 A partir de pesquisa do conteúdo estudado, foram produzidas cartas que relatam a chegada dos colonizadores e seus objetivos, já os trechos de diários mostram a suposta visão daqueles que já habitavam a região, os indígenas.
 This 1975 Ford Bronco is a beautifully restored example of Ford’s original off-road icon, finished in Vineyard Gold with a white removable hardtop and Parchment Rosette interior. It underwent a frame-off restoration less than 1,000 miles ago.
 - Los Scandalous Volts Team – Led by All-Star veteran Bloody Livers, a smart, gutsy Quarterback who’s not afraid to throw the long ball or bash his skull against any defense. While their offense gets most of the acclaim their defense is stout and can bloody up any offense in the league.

**TO DO**: Write out all the data again, exactly as it appears.

**TASK RESULT**:
 A partir de pesquisa do conteúdo estudado, foram produzidas cartas que relatam a chegada dos colonizadores e seus objetivos, já os trechos de diários mostram a suposta visão daqueles que já habitavam a região, os indígenas.
 This 1975 Ford Bronco is a beautifully restored example of Ford’s original off-road icon, finished in Vineyard Gold with a white removable hardtop and Parchment Rosette interior. It underwent a frame-off restoration less than 1,000 miles ago.
 - Los Scandalous Volts Team – Led by All-Star veteran Bloody Livers, a smart, gutsy Quarterback who’s not afraid to throw the long ball or bash his skull against any defense. While their offense gets most of the acclaim their defense is stout and can bloody up any offense in the league.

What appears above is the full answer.